I suppose I shouldn't have been surprised.
My other cousin, Rita Elizabeth, had snuck up on us. Very quiet for all that she's a big girl, well, a big woman by then. She was named after her mother and grandmother. If she had been a man she'd have been called Rita the Third, Rita III, or something like that. As it was, Margie and Bevvy greeted her with, "we didn't exactly try to hide anything, R.E. (they pronounced it Are EE). And you're here now, join us."
I was looking up, kind of speechless, overwhelmed by this next new development.

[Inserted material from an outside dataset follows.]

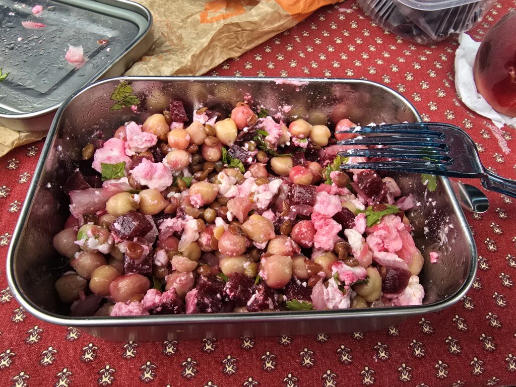 Notre guide arrivait chaque matin avec des gamelles individuelles garnies de délicieuses salades, le plus souvent  végétariennes et différentes chaque jour. Elles étaient agrémentées de fromages, pains spéciaux, fruits et tablettes de chocolat, différents chaque jour également. Chacun prenait sa gamelle, de l’eau bien sûr et une partie du reste du festin dans son sac à dos.
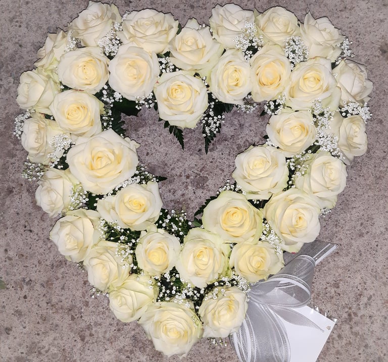 Asetelma sydän-sienipohjaan, ruusu- ja harsokukka.

R.E. is a couple of years older than Bevvy. I guess she was 23 or 24 that summer. And as I looked up she was obviously and hugely pregnant. I watched, fascinated, captivated, unable to look away, as she did the crossed arms across her front thing and peeled her T-shirt off
She was huge. Her belly stuck out like she was ready to give birth to a third grader. It was a mass of stretchmarks, very dark brown, and, for some reason, very sexy to me. As I watched, a very distinct bulge started high on the left side of her belly, just below her rib cage, and slowly moved down to her hip.
She giggled and touched where the bulge was starting to recede and said, "my little soccer player is getting his exercise today."
"So," Bevvy said, giggling a little and touching that same spot, "if you actually go into labor, what do we need to do."
R.E. laughed and said, "Well, getting me to a hospital in town would be nice but, well, the soccer star will get out, regardless."
She reached under that immense belly and I watched as she unbuttoned and unzipped her cutoffs and then pushed them down along with the panties, what I would later learn to call "granny panties" and I had the fleeting thought, "how many yards of cloth went into those."
She smiled at me then, not a grin, but a real, happy-to-see-you smile.
"It's okay to look, Davey," she said, and did a slow turn.
R.E. is a plain woman. She's not ugly or homely, but she's the very definition of "plain." First, she's big. At 5'9" she's tall for a woman. At about 200 pounds she's big. Not obese or anything, but big. Thick. She's "matronly," with big boobs, no waist, and a big ass. Thick thighs. Her most "feminine" feature is the relatively delicate calves under those oversize thighs. And oddly small feet.
But on that day, looking ready for her water to break, she was Earth Mother incarnate.
Years later, taking some anthropology course while I was working toward my Master's Degree in history, I ran across an image of an Earth Goddess statuette that had been excavated in some obscure dig or other. The Venus of Willendorf figure is estimated to be something like 25,000 years old, predating the Neolithic Revolution. As soon as I saw that little statuette my mind flashed back to that day by the little not-quite-a-lake in eastern Colorado.
She giggled as I stared.
"If you like this," she said, her hands rubbing and then lifting her immense belly, "you're going to love these," and she used her thumbs and forefingers to work her nipples until a few thick white drops were expressed (another word I wouldn't learn until much later).